Just a little note to tell you that I really liked your last story. “The Exchange” might not have been fiction though...

 

Love from Buenos Aires,

Alicia


 

Re: Making Me a Man

 

Excellent story, you have an amazing and gifted writing style. Can't remember the exact google search that brought me to your site, but I've been slowly going through all the articles.

 

Thanks and peace,

 

Michael,

Canada

 

I don’t know why I like war stories so much, after all I am a pacifist, or as my big brother would say a pussyicest. My brother fought his war in 1965-67 in the shiny brick alleys and night-clubs of Germany. Like most imagined heroes he caught a break and was lucky enough to be a chauffeur for a two star general who had a 21 year old daughter who liked to dance. My brother did a mean Cha-Cha.

When I was 18 years old my draft card arrived courtesy of the U.S. Postal Service. I forget what I was classified as, and it matters little. The U.S. Selective Service System decided they did not want me in their army or navy or marines or air core or even in their Merchant Marines. The feeling was mutual.

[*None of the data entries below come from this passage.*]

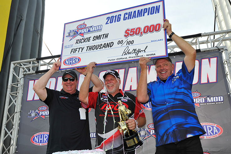 No. 2: Rickie Smith becomes the first three-time champ in NHRA Pro Mod history, 2016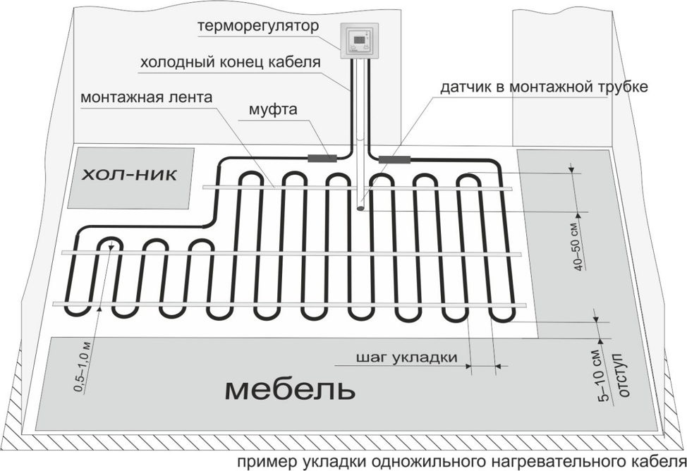 Монтаж кабельного теплого пола под кафельную плитку своими руками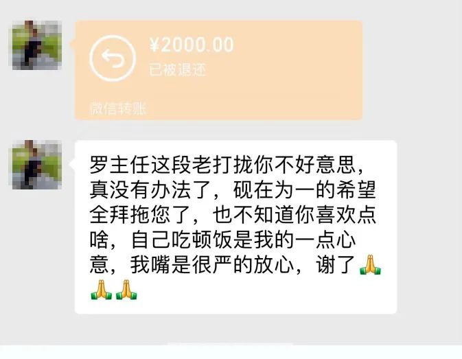 ▲家属微信发红包被罗佳主任婉拒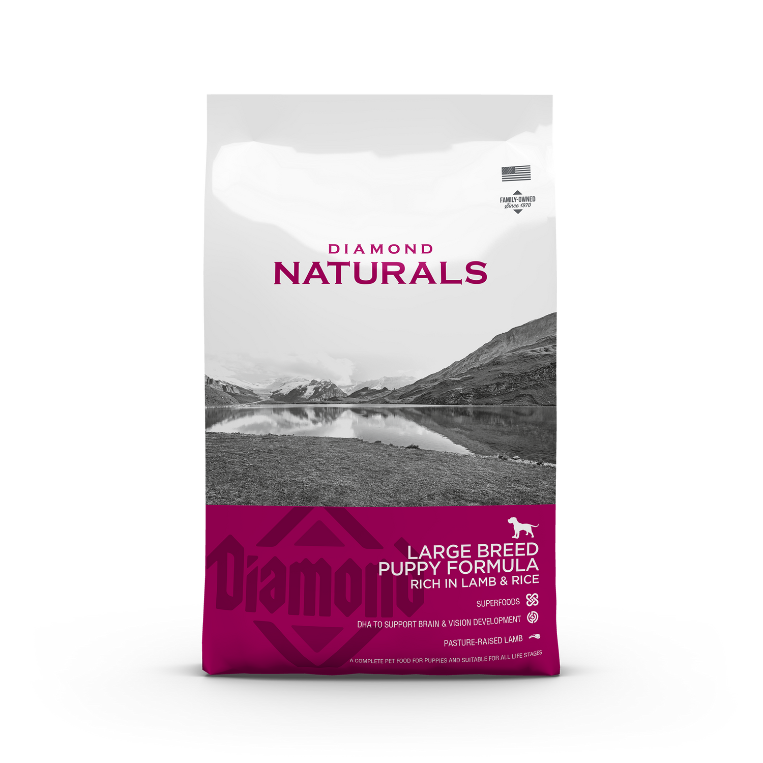 Diamond Naturals foder til hvalpe af store racer med lam og ris. Et komplet foder til hvalpe og hunde i alle livsstadier.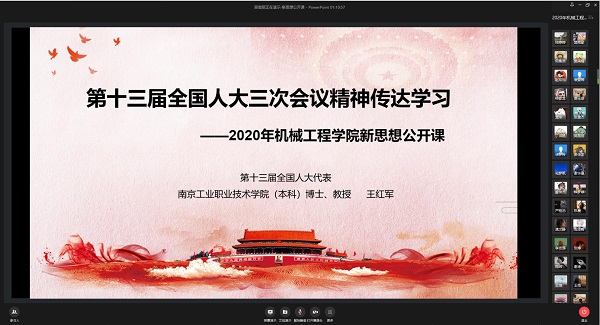 为了传达学习第十三届全国人大三次会议的精神,深入学习贯彻习近平新时代中国特色社会主义思想,高举中国特色社会主义伟大旗帜,6月22日,机械工程学院邀请了第十三届全国人大代表王红军教授开展线上新思想公开课。
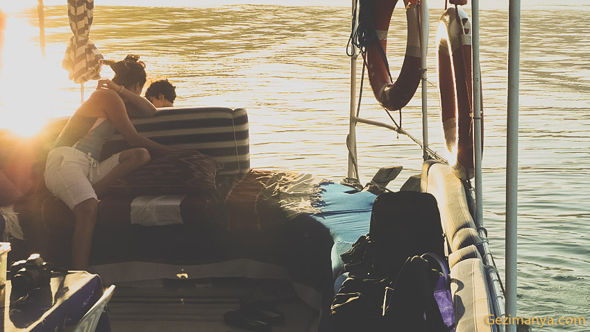 Buradan ayrıldıktan sonra gölün açıklarında demir attık ve mangaldaki balıklardan dumanlar yükselmeye başladı. Rakılar, şaraplar da sofraya gelince ortam iyice ‘değmeyin keyfime’ kıvamına geldi. Göl suyuna girenler çok memnunlar, ben girmedim ama insanlar sıra sıra atlayıp durgun suyun tadını çıkardılar. Tuzlu olmadığı için fazla enerji harcatsa bile ben girmediğime hala pişmanım. Göl keyfinden sonra balıklarda olunca masa muhabbeti iyice koyulaştı. Açıkçası ben zaman nasıl geçti hiç anlamadım. Ama mehtapta sazlıklar arasında giderken hissettiğim o güzel duygu gerçekten hala içimi ısıtıyor.
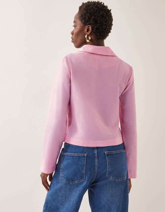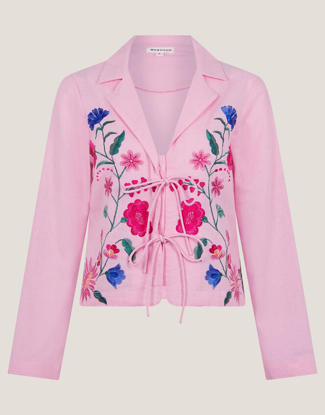 Sweet like candy(floss). The perfect pick for all your desk-to-dinner plans, this top is designed with a lapel-style neckline, tie front details and a colourful array of symmetrical floral embroidery. Pink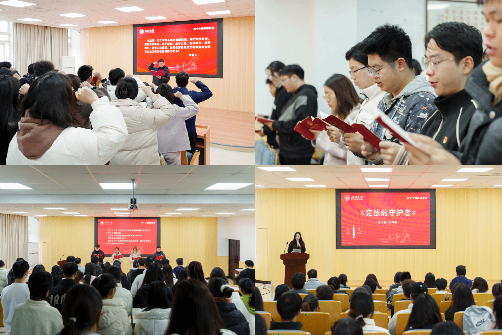 此外,亚洲无码 还陆续开展了“习近平法治思想”微宣讲展播、读书分享会、主题党日和团日活动、法律书籍漂流、同步观看2023年国家宪法日教育系统“宪法晨读”等活动。从干货满满的宣讲视频到思维碰撞的宪法知识竞赛,从社区、校园普法到国旗下的庄严宣誓,内容丰富、形式多元,为师生带来丰富的宪法宣传活动体验,将宪法宣传教育、习近平法治思想紧密结合,引领温大师生凝聚宪法共识,扎实提高法治宣传教育实效,为青春保驾护航!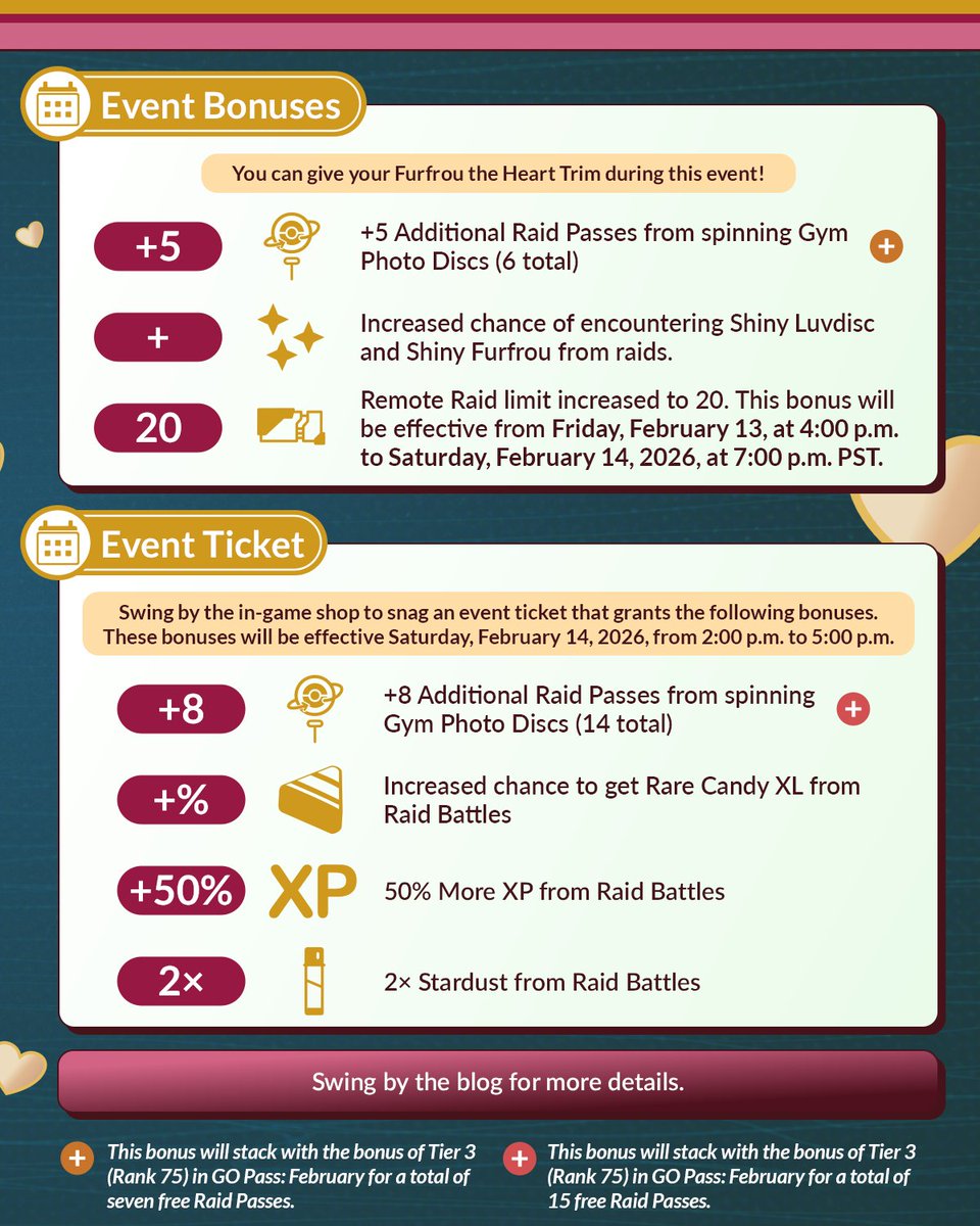- Verhoogde kans om Luvdisc of Furfrou shiny uit raids te krijgen;
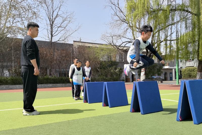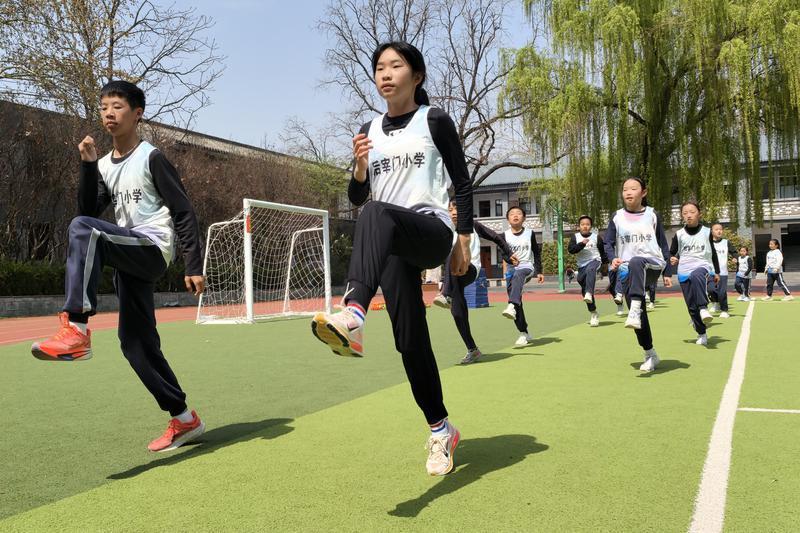 3月27日下午,暖融融的阳光洒在新城区后宰门小学的操场上。体育教师阎浩一声哨响,田径队的孩子们立刻排好整齐的队列,热身跑、拉伸、高抬腿、腹肌跳——训练在口令声中有节奏地铺展开来。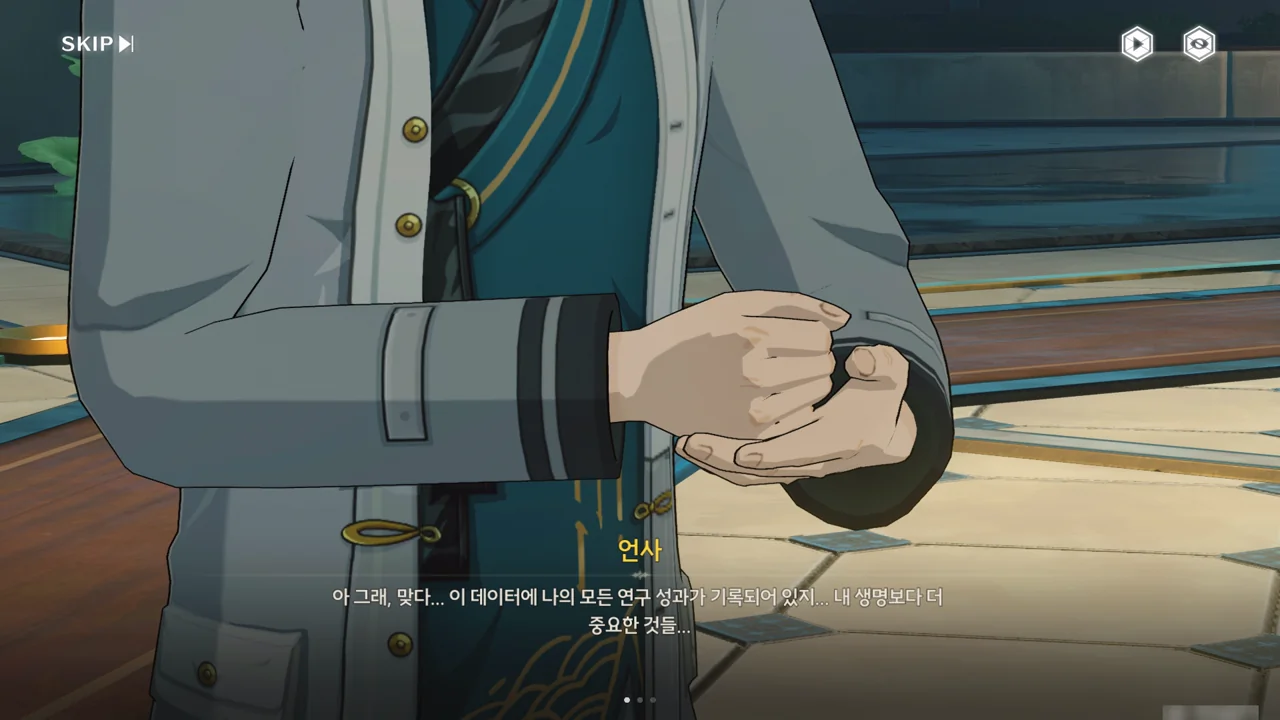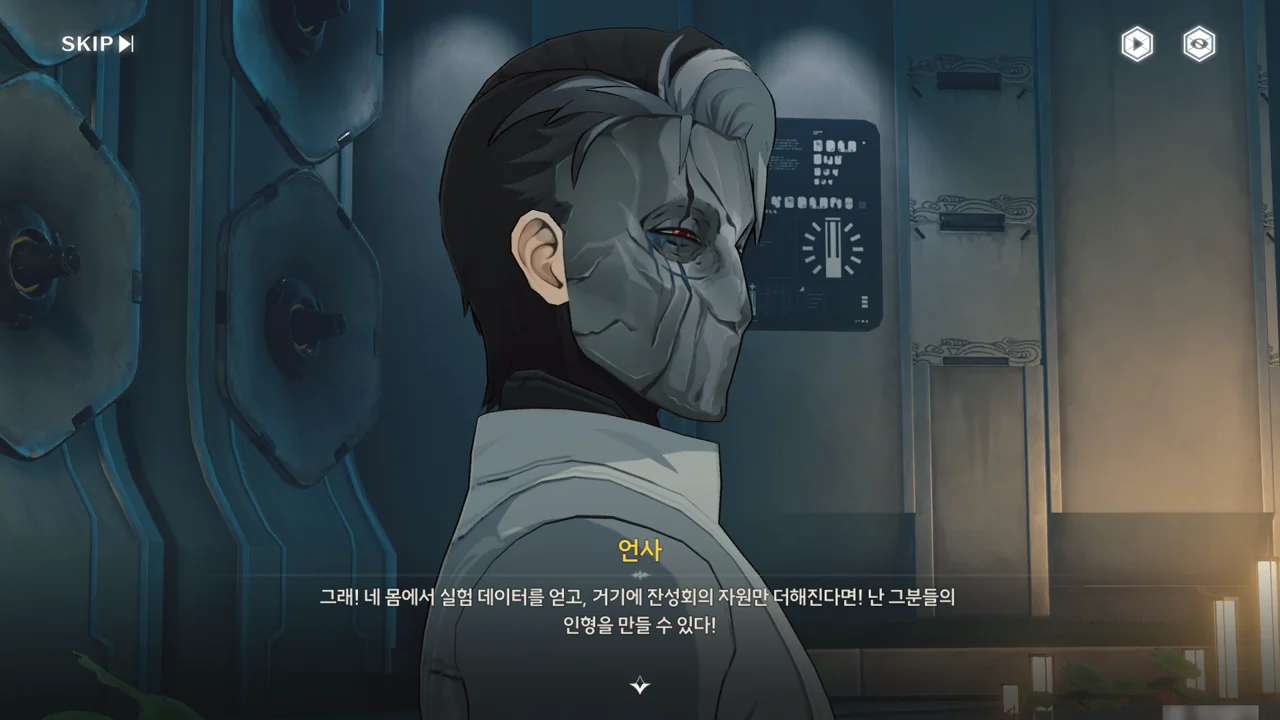 대체 방랑자의 어떤 점에서 실마리를 찾은 건지는 알 수 없지만, 언사는 잔성회의 자원과 방랑자의 몸에서 뽑아낸 실험 데이터가 있다면 음림의 부모님을 재현할 수 있을 거라 생각하고 있다.

 I had written some propaganda for a left wing newspaper while I was a senior in high-school. The paper w as widely distributed on the Ohio State University campus. It had a printing run of about 5,000 copies. It was enough to get me on a subversives list and then noticed by the F.B.I. enough is enough.

But I admire men who served or fought in time of war. I could no more shoot a man than I could do a mean Cha-Cha. It would seem to me that the Korean War was a time of such wonderful innocence. If you were a boy of 18 or 19, what more could you do and how proud your family would be, if you were to serve our country. And you learned a skill- drive a Limousine, speak a little Russian, shoot a guy with a slanted eyes or a guy with sloping eyes, learn to dance.

I have asked my children not to go to war. I have asked them not to shoot anybody and always look both ways before crossing the street. I’ve asked them to pool their money and start an American Cemetery for Pacifist, much like Arlington Cemetery. “Let the dead bury the dead,” as I recall the pivotal words from the novel, “To Kill a Mockingbird.” We can call it- “The Pussy Cemetery.” I do like it! I will be the first to lay there.

Twain said that, “Youth is wasted on the young.” I believe that. Maybe or perhaps, in a life far away from a blue-white planet that moves through space at 30,000 miles an hour, we can meet. You at 19 and a new recruit fresh out of Kentucky, ready for war, or Russian 101, and me a radical subversive, memorizing all the lyrics of the latest Dylan song.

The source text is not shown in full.